> _WHAT YOU NEED TO DO_
Only the pictures are to be dropped; return all other data below exactly.

> _DATASET SECTION_
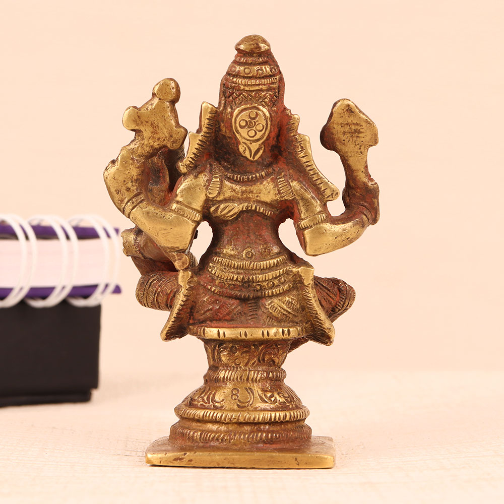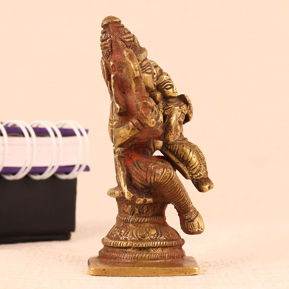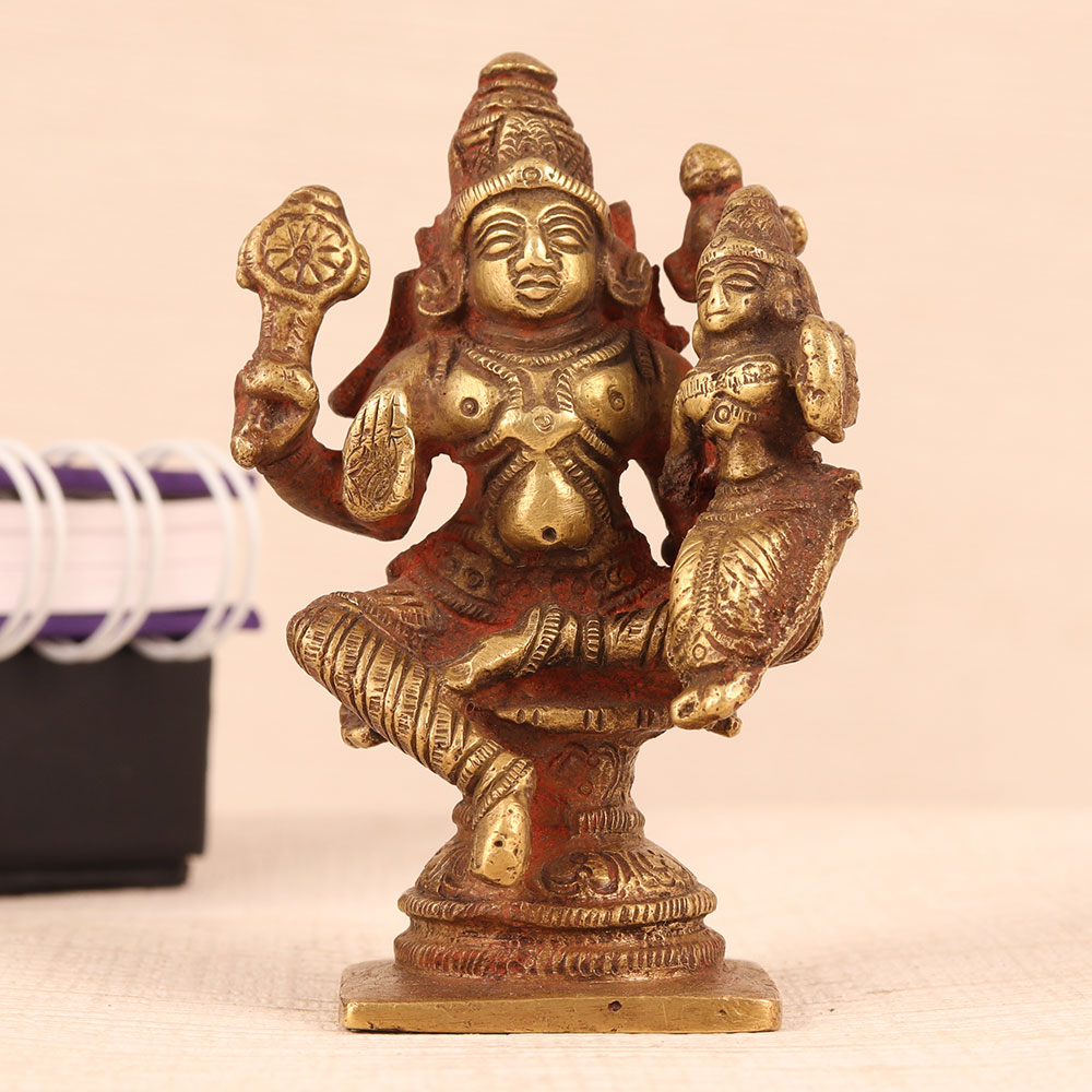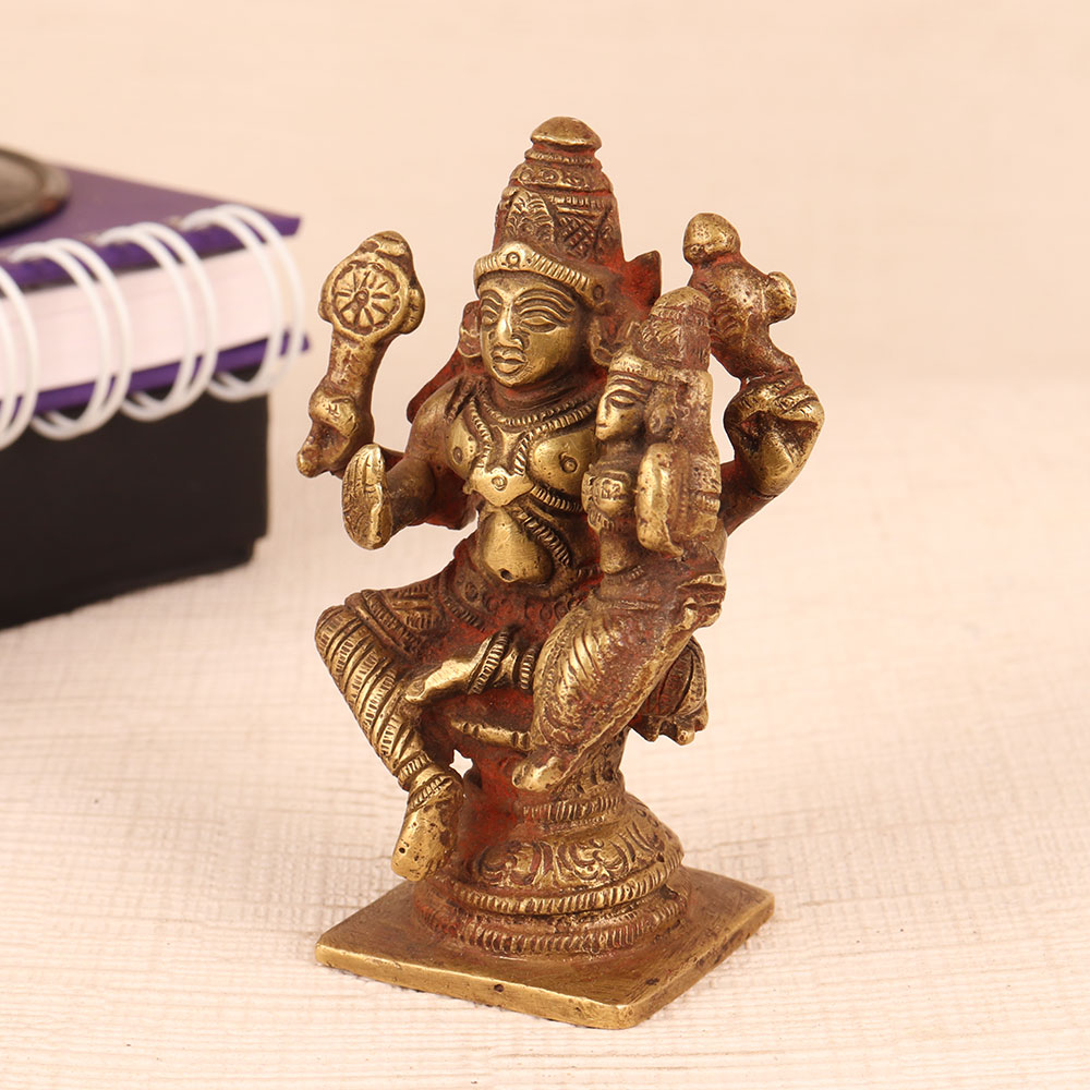 Experience the divine essence of Hindu mythology with our brass statue of Lord Vishnu and Goddess Lakshmi, a masterpiece of artistry and spirituality. Crafted by highly skilled Indian artisans, this awe-inspiring statue captures the essence of devotion in every intricate detail. Lord Vishnu, the preserver of the universe, sits majestically on a platform, while the Goddess of wealth and prosperity, Lakshmi, graces his left lap. The antique brown finish adds a timeless charm, making it an ideal addition to your sacred space, whether at home, in your office, restaurant, hotel, cafe, or shop's prayer room. This handcrafted masterpiece not only serves as an object of worship but also doubles as a captivating decoration. Its elegance and craftsmanship make it a cherished item for collectors of vintage art. Moreover, this stunning brass statue serves as a heart-warming gift for your family, friends or relatives on special, festive, or auspicious occasions. It carries with it the blessings of Lord Vishnu and the abundance of Goddess Lakshmi, making it a thoughtful and meaningful gesture for weddings, housewarmings, or religious celebrations.
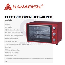 Hanabishi electric oven heo 45ss review. 7 reviews for electric oven. I can make hundreds of cakes cookies and pastries with this hanabishi electric oven. It includes amazing cooking functions like 5 stages heating and rotisserie function. My partner in my business.
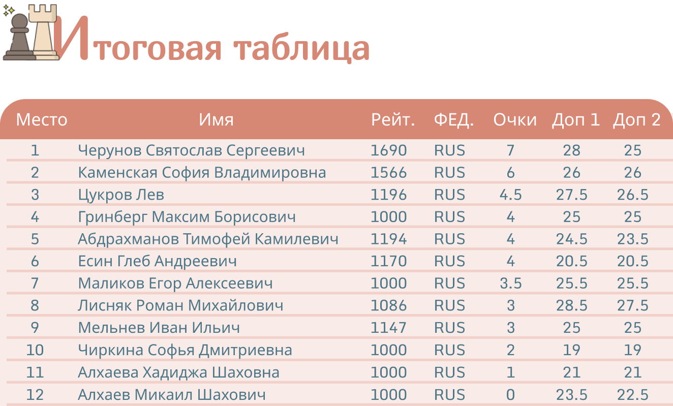 Результаты турнира: https://chessresults.ru/ru/tournaments/profile/35460

> _RESPONSE TO THE EXERCISE_
 Experience the divine essence of Hindu mythology with our brass statue of Lord Vishnu and Goddess Lakshmi, a masterpiece of artistry and spirituality. Crafted by highly skilled Indian artisans, this awe-inspiring statue captures the essence of devotion in every intricate detail. Lord Vishnu, the preserver of the universe, sits majestically on a platform, while the Goddess of wealth and prosperity, Lakshmi, graces his left lap. The antique brown finish adds a timeless charm, making it an ideal addition to your sacred space, whether at home, in your office, restaurant, hotel, cafe, or shop's prayer room. This handcrafted masterpiece not only serves as an object of worship but also doubles as a captivating decoration. Its elegance and craftsmanship make it a cherished item for collectors of vintage art. Moreover, this stunning brass statue serves as a heart-warming gift for your family, friends or relatives on special, festive, or auspicious occasions. It carries with it the blessings of Lord Vishnu and the abundance of Goddess Lakshmi, making it a thoughtful and meaningful gesture for weddings, housewarmings, or religious celebrations.
 Hanabishi electric oven heo 45ss review. 7 reviews for electric oven. I can make hundreds of cakes cookies and pastries with this hanabishi electric oven. It includes amazing cooking functions like 5 stages heating and rotisserie function. My partner in my business.
 Результаты турнира: https://chessresults.ru/ru/tournaments/profile/35460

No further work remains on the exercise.